WHAT THE TASK ASKS: Every entry below has to appear again in your reply, word for word, but no picture may.

┏━━

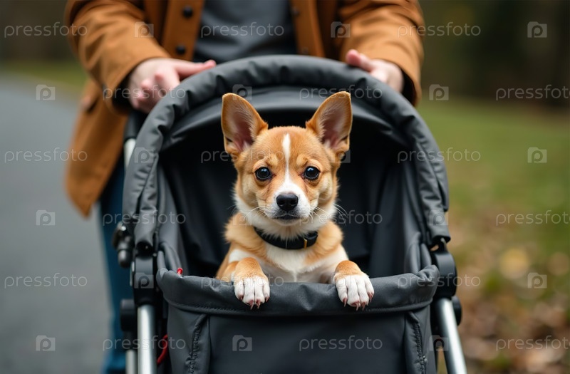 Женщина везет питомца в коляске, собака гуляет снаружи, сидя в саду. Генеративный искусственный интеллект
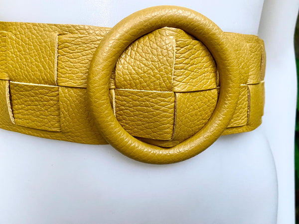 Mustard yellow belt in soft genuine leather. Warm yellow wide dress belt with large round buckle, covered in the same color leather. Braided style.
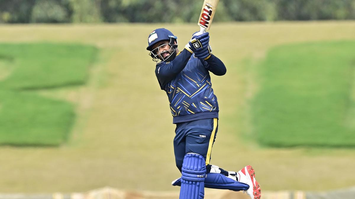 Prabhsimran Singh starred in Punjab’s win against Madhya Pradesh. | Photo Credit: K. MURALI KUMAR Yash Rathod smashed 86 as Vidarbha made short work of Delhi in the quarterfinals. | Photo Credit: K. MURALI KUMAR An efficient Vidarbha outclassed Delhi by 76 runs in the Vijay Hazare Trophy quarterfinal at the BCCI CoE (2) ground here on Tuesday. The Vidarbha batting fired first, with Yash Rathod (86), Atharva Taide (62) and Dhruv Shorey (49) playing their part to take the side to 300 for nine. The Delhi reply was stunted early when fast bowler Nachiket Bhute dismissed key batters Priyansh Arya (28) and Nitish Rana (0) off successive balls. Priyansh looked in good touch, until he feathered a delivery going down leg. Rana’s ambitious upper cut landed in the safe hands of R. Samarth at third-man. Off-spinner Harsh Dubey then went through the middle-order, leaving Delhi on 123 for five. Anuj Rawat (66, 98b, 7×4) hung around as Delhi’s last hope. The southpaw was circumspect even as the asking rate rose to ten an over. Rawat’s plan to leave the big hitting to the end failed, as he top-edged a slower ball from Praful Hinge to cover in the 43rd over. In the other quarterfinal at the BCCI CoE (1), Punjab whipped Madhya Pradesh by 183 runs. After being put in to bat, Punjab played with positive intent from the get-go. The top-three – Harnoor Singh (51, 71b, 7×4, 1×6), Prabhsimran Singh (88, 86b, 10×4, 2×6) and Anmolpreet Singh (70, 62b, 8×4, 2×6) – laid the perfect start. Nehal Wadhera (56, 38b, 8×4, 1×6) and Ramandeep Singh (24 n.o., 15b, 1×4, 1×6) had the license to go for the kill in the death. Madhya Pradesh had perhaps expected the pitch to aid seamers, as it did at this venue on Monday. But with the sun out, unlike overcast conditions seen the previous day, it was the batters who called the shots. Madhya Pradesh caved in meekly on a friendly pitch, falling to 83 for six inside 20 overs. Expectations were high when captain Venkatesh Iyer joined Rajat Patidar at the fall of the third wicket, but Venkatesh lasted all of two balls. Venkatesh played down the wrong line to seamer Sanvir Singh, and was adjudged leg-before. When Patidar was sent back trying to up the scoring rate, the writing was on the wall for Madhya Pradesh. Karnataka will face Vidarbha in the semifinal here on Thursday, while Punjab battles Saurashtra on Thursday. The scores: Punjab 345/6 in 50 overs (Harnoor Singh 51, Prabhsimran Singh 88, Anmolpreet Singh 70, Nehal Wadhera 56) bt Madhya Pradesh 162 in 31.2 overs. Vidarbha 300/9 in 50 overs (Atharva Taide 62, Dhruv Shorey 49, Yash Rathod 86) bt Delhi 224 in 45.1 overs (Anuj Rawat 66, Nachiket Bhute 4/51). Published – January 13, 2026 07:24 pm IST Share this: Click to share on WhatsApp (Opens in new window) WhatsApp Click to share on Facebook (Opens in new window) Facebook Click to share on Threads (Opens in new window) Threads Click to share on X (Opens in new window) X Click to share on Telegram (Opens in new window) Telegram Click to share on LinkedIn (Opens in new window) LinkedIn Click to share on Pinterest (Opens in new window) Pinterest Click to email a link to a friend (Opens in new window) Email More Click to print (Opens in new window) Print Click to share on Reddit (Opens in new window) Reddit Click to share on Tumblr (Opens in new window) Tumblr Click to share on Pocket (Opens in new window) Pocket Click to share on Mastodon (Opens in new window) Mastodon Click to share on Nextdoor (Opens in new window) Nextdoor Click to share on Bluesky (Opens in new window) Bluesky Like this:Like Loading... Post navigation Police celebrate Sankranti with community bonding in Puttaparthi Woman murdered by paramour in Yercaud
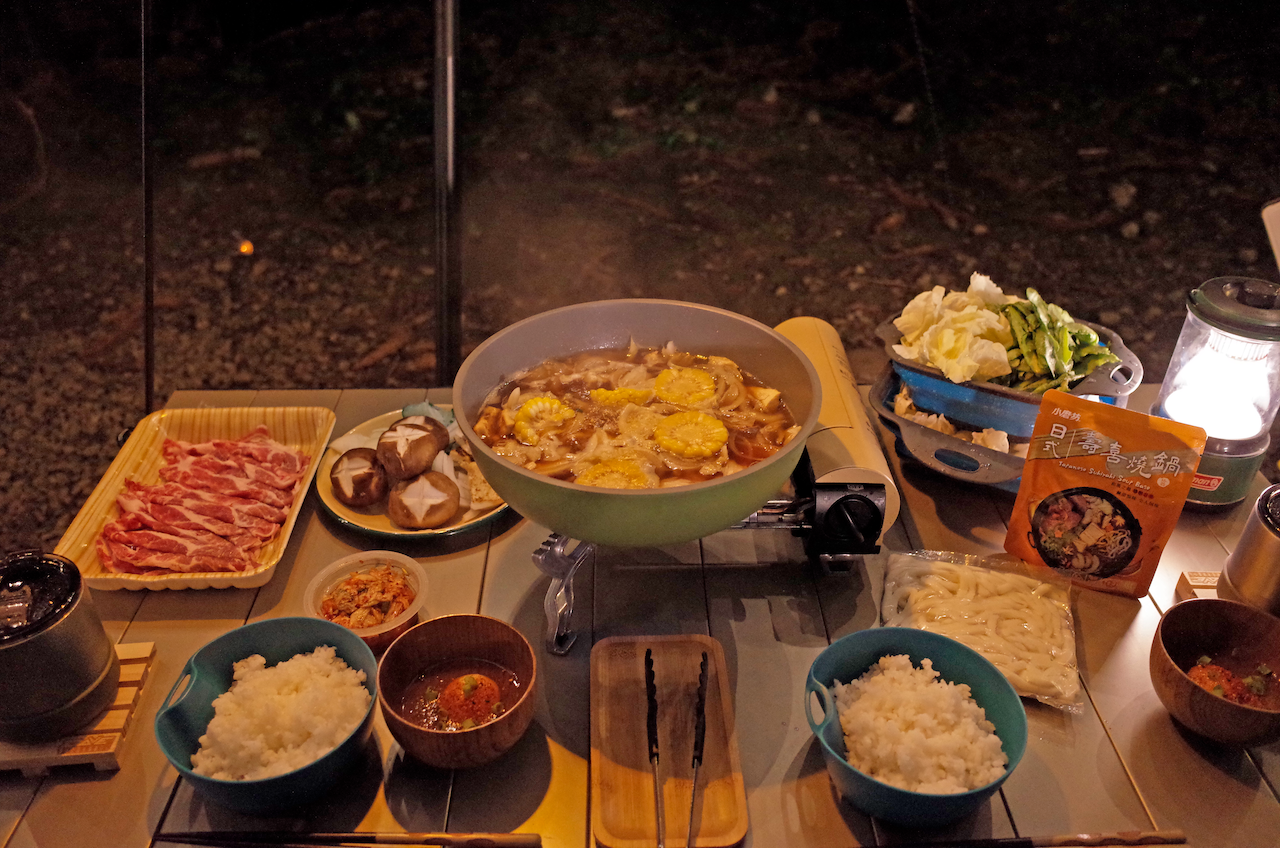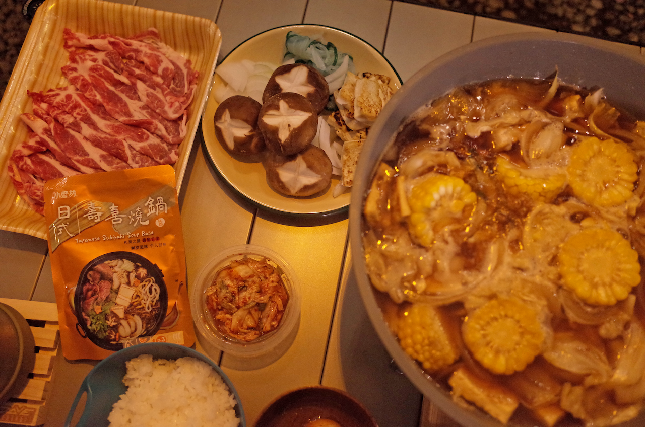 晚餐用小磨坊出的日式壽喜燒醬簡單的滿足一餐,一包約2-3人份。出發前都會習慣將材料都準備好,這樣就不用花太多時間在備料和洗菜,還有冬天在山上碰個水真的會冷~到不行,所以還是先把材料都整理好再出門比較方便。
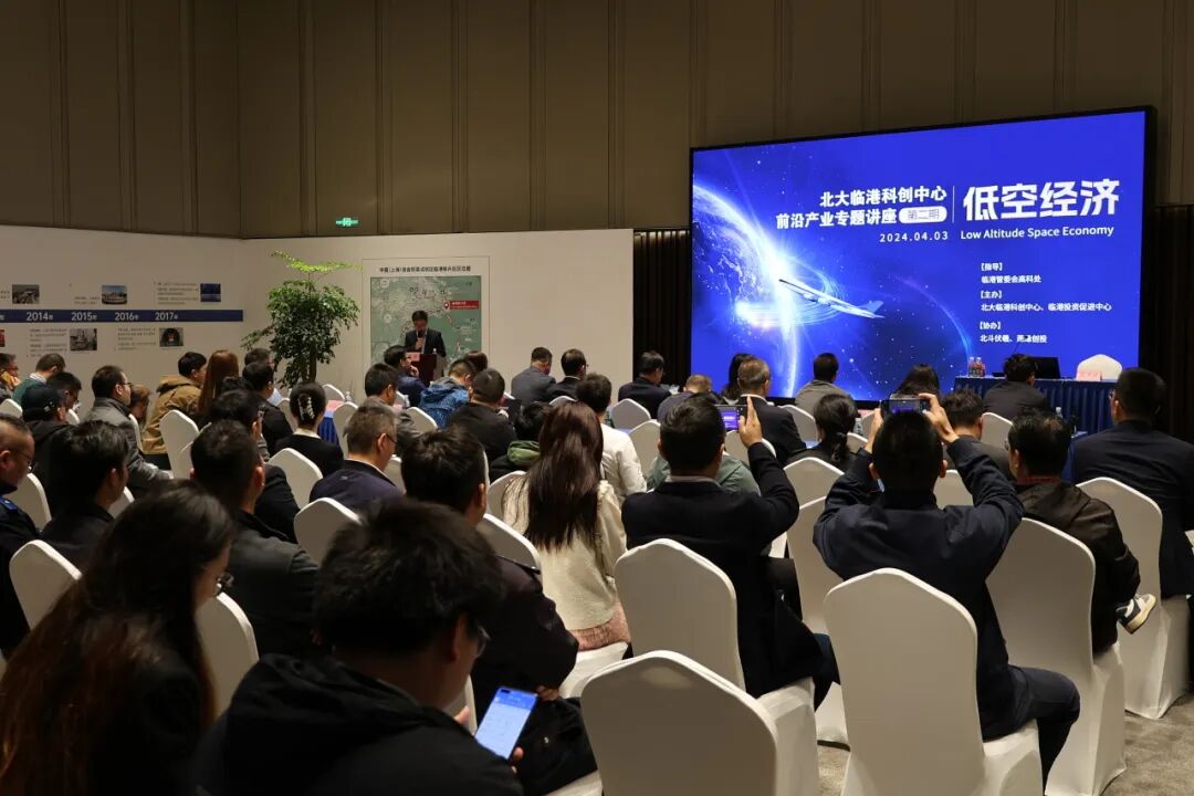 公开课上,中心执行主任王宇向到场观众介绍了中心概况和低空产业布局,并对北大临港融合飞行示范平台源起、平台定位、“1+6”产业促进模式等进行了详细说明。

┗━━

EXERCISE ANSWER:
 Женщина везет питомца в коляске, собака гуляет снаружи, сидя в саду. Генеративный искусственный интеллект
 Mustard yellow belt in soft genuine leather. Warm yellow wide dress belt with large round buckle, covered in the same color leather. Braided style.
 Prabhsimran Singh starred in Punjab’s win against Madhya Pradesh. | Photo Credit: K. MURALI KUMAR Yash Rathod smashed 86 as Vidarbha made short work of Delhi in the quarterfinals. | Photo Credit: K. MURALI KUMAR An efficient Vidarbha outclassed Delhi by 76 runs in the Vijay Hazare Trophy quarterfinal at the BCCI CoE (2) ground here on Tuesday. The Vidarbha batting fired first, with Yash Rathod (86), Atharva Taide (62) and Dhruv Shorey (49) playing their part to take the side to 300 for nine. The Delhi reply was stunted early when fast bowler Nachiket Bhute dismissed key batters Priyansh Arya (28) and Nitish Rana (0) off successive balls. Priyansh looked in good touch, until he feathered a delivery going down leg. Rana’s ambitious upper cut landed in the safe hands of R. Samarth at third-man. Off-spinner Harsh Dubey then went through the middle-order, leaving Delhi on 123 for five. Anuj Rawat (66, 98b, 7×4) hung around as Delhi’s last hope. The southpaw was circumspect even as the asking rate rose to ten an over. Rawat’s plan to leave the big hitting to the end failed, as he top-edged a slower ball from Praful Hinge to cover in the 43rd over. In the other quarterfinal at the BCCI CoE (1), Punjab whipped Madhya Pradesh by 183 runs. After being put in to bat, Punjab played with positive intent from the get-go. The top-three – Harnoor Singh (51, 71b, 7×4, 1×6), Prabhsimran Singh (88, 86b, 10×4, 2×6) and Anmolpreet Singh (70, 62b, 8×4, 2×6) – laid the perfect start. Nehal Wadhera (56, 38b, 8×4, 1×6) and Ramandeep Singh (24 n.o., 15b, 1×4, 1×6) had the license to go for the kill in the death. Madhya Pradesh had perhaps expected the pitch to aid seamers, as it did at this venue on Monday. But with the sun out, unlike overcast conditions seen the previous day, it was the batters who called the shots. Madhya Pradesh caved in meekly on a friendly pitch, falling to 83 for six inside 20 overs. Expectations were high when captain Venkatesh Iyer joined Rajat Patidar at the fall of the third wicket, but Venkatesh lasted all of two balls. Venkatesh played down the wrong line to seamer Sanvir Singh, and was adjudged leg-before. When Patidar was sent back trying to up the scoring rate, the writing was on the wall for Madhya Pradesh. Karnataka will face Vidarbha in the semifinal here on Thursday, while Punjab battles Saurashtra on Thursday. The scores: Punjab 345/6 in 50 overs (Harnoor Singh 51, Prabhsimran Singh 88, Anmolpreet Singh 70, Nehal Wadhera 56) bt Madhya Pradesh 162 in 31.2 overs. Vidarbha 300/9 in 50 overs (Atharva Taide 62, Dhruv Shorey 49, Yash Rathod 86) bt Delhi 224 in 45.1 overs (Anuj Rawat 66, Nachiket Bhute 4/51). Published – January 13, 2026 07:24 pm IST Share this: Click to share on WhatsApp (Opens in new window) WhatsApp Click to share on Facebook (Opens in new window) Facebook Click to share on Threads (Opens in new window) Threads Click to share on X (Opens in new window) X Click to share on Telegram (Opens in new window) Telegram Click to share on LinkedIn (Opens in new window) LinkedIn Click to share on Pinterest (Opens in new window) Pinterest Click to email a link to a friend (Opens in new window) Email More Click to print (Opens in new window) Print Click to share on Reddit (Opens in new window) Reddit Click to share on Tumblr (Opens in new window) Tumblr Click to share on Pocket (Opens in new window) Pocket Click to share on Mastodon (Opens in new window) Mastodon Click to share on Nextdoor (Opens in new window) Nextdoor Click to share on Bluesky (Opens in new window) Bluesky Like this:Like Loading... Post navigation Police celebrate Sankranti with community bonding in Puttaparthi Woman murdered by paramour in Yercaud
 晚餐用小磨坊出的日式壽喜燒醬簡單的滿足一餐,一包約2-3人份。出發前都會習慣將材料都準備好,這樣就不用花太多時間在備料和洗菜,還有冬天在山上碰個水真的會冷~到不行,所以還是先把材料都整理好再出門比較方便。
 公开课上,中心执行主任王宇向到场观众介绍了中心概况和低空产业布局,并对北大临港融合飞行示范平台源起、平台定位、“1+6”产业促进模式等进行了详细说明。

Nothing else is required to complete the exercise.